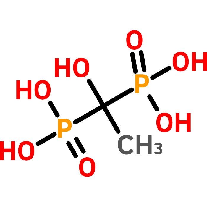 依替膦酸,也被称为1-羟基乙烷-1,1-二磷酸,用作双膦酸盐治疗骨质疏松症。Spectrum提供的未分级产品表明其等级适合一般工业使用或研究目的,通常不适合人类消费或治疗使用。同义词:1-羟基乙烷-1,1-二磷酸;1-羟乙基亚磷酸。
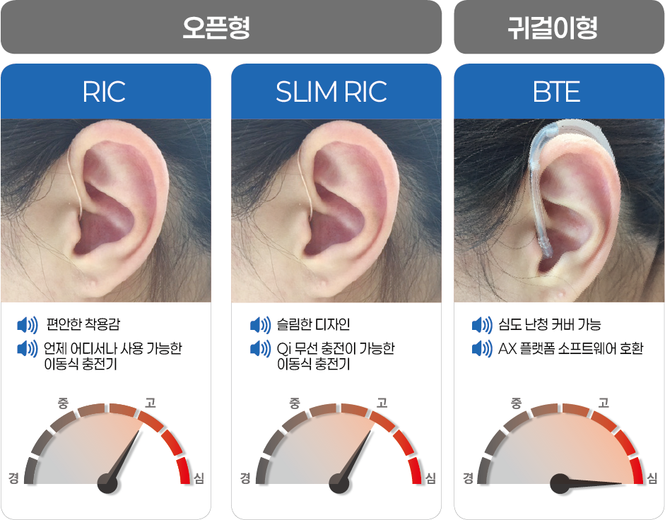 청력 손실의 유형, 사용자의 환경에 따라 적합한 보청기를 추천드립니다.
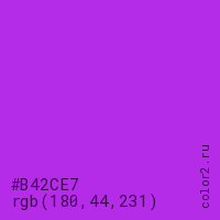 Цвет #B42CE7 в цветовой модели RGB обозначается тремя октетами (180, 44, 231) в десятичном формате и #B42CE7 в шестнадцатиричном (hex) формате, которые являются интенсивностью красного 180 (hex B4), интенсивность зелёного 44 (hex 2C) и интенсивность синего 231 (hex E7).

» EXERCISE DESCRIPTION: An exact copy of the listing is required; return it without any pictures.

» ANSWER SECTION:
 依替膦酸,也被称为1-羟基乙烷-1,1-二磷酸,用作双膦酸盐治疗骨质疏松症。Spectrum提供的未分级产品表明其等级适合一般工业使用或研究目的,通常不适合人类消费或治疗使用。同义词:1-羟基乙烷-1,1-二磷酸;1-羟乙基亚磷酸。
 청력 손실의 유형, 사용자의 환경에 따라 적합한 보청기를 추천드립니다.
 Цвет #B42CE7 в цветовой модели RGB обозначается тремя октетами (180, 44, 231) в десятичном формате и #B42CE7 в шестнадцатиричном (hex) формате, которые являются интенсивностью красного 180 (hex B4), интенсивность зелёного 44 (hex 2C) и интенсивность синего 231 (hex E7).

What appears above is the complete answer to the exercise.